> **Given records**:
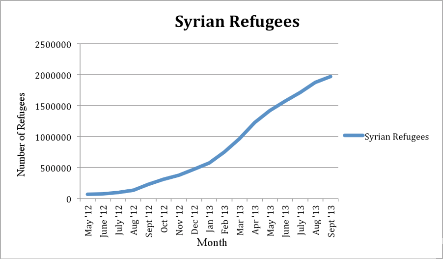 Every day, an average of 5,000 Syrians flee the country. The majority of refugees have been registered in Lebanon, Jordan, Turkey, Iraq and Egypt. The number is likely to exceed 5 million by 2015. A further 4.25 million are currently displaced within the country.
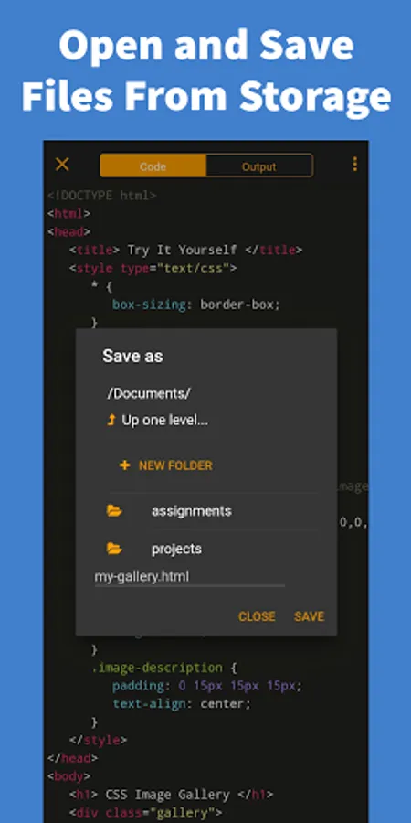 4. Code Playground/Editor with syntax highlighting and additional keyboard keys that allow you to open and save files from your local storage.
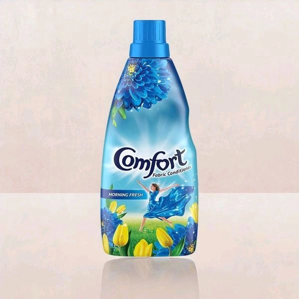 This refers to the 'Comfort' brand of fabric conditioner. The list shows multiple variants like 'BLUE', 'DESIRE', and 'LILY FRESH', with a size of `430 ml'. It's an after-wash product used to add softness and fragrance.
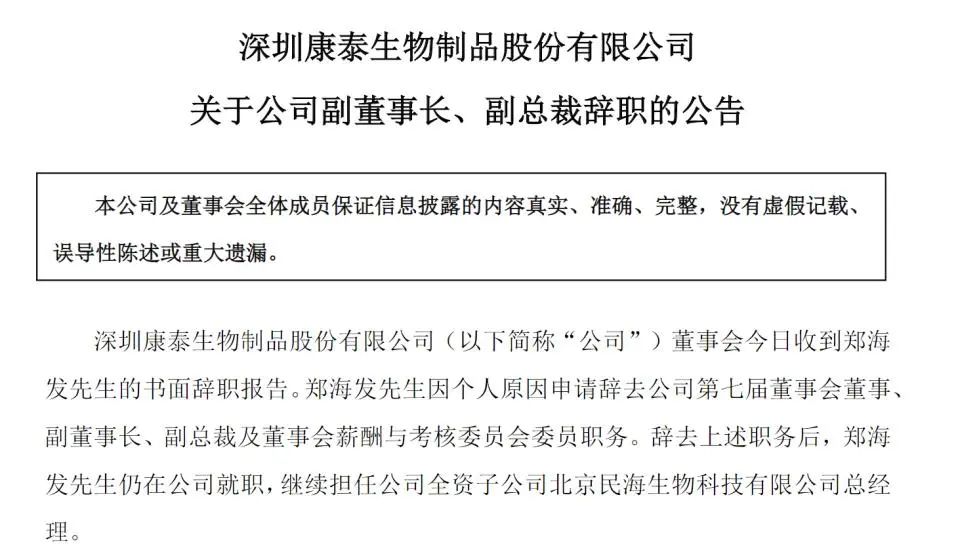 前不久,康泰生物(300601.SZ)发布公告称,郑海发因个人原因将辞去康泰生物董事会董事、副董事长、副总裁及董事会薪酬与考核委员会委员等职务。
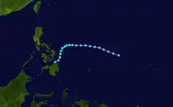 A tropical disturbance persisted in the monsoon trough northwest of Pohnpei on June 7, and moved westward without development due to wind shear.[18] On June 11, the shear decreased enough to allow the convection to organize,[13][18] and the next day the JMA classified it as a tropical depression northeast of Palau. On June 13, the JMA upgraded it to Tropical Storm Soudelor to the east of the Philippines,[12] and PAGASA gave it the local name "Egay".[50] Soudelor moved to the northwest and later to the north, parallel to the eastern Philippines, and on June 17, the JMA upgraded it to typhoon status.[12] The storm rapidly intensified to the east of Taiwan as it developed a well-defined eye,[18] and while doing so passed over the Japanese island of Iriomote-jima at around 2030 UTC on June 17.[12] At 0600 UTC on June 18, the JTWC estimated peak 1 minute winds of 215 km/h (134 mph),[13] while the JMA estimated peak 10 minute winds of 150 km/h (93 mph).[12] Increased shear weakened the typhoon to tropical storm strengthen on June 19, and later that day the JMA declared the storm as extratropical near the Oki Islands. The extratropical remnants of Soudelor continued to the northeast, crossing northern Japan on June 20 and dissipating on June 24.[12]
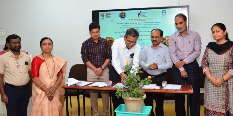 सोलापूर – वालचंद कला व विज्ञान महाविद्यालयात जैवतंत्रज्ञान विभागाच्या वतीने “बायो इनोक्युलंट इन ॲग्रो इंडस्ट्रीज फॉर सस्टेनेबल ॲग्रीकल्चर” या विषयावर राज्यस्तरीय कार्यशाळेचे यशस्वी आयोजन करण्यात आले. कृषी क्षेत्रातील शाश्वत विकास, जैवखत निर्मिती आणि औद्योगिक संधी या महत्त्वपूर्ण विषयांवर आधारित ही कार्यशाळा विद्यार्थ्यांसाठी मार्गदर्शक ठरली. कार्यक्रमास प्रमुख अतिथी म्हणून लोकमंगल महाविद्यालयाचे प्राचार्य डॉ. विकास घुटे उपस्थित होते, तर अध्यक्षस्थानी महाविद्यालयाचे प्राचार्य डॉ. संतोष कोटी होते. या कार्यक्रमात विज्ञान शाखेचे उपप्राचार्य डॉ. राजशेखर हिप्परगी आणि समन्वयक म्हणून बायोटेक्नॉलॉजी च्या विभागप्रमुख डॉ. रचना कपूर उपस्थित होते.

> **Problem**:
Give every record again without changing a word. Exclude the pictures.

> **Reply to the task**:
 Every day, an average of 5,000 Syrians flee the country. The majority of refugees have been registered in Lebanon, Jordan, Turkey, Iraq and Egypt. The number is likely to exceed 5 million by 2015. A further 4.25 million are currently displaced within the country.
 4. Code Playground/Editor with syntax highlighting and additional keyboard keys that allow you to open and save files from your local storage.
 This refers to the 'Comfort' brand of fabric conditioner. The list shows multiple variants like 'BLUE', 'DESIRE', and 'LILY FRESH', with a size of `430 ml'. It's an after-wash product used to add softness and fragrance.
 前不久,康泰生物(300601.SZ)发布公告称,郑海发因个人原因将辞去康泰生物董事会董事、副董事长、副总裁及董事会薪酬与考核委员会委员等职务。
 A tropical disturbance persisted in the monsoon trough northwest of Pohnpei on June 7, and moved westward without development due to wind shear.[18] On June 11, the shear decreased enough to allow the convection to organize,[13][18] and the next day the JMA classified it as a tropical depression northeast of Palau. On June 13, the JMA upgraded it to Tropical Storm Soudelor to the east of the Philippines,[12] and PAGASA gave it the local name "Egay".[50] Soudelor moved to the northwest and later to the north, parallel to the eastern Philippines, and on June 17, the JMA upgraded it to typhoon status.[12] The storm rapidly intensified to the east of Taiwan as it developed a well-defined eye,[18] and while doing so passed over the Japanese island of Iriomote-jima at around 2030 UTC on June 17.[12] At 0600 UTC on June 18, the JTWC estimated peak 1 minute winds of 215 km/h (134 mph),[13] while the JMA estimated peak 10 minute winds of 150 km/h (93 mph).[12] Increased shear weakened the typhoon to tropical storm strengthen on June 19, and later that day the JMA declared the storm as extratropical near the Oki Islands. The extratropical remnants of Soudelor continued to the northeast, crossing northern Japan on June 20 and dissipating on June 24.[12]
 सोलापूर – वालचंद कला व विज्ञान महाविद्यालयात जैवतंत्रज्ञान विभागाच्या वतीने “बायो इनोक्युलंट इन ॲग्रो इंडस्ट्रीज फॉर सस्टेनेबल ॲग्रीकल्चर” या विषयावर राज्यस्तरीय कार्यशाळेचे यशस्वी आयोजन करण्यात आले. कृषी क्षेत्रातील शाश्वत विकास, जैवखत निर्मिती आणि औद्योगिक संधी या महत्त्वपूर्ण विषयांवर आधारित ही कार्यशाळा विद्यार्थ्यांसाठी मार्गदर्शक ठरली. कार्यक्रमास प्रमुख अतिथी म्हणून लोकमंगल महाविद्यालयाचे प्राचार्य डॉ. विकास घुटे उपस्थित होते, तर अध्यक्षस्थानी महाविद्यालयाचे प्राचार्य डॉ. संतोष कोटी होते. या कार्यक्रमात विज्ञान शाखेचे उपप्राचार्य डॉ. राजशेखर हिप्परगी आणि समन्वयक म्हणून बायोटेक्नॉलॉजी च्या विभागप्रमुख डॉ. रचना कपूर उपस्थित होते.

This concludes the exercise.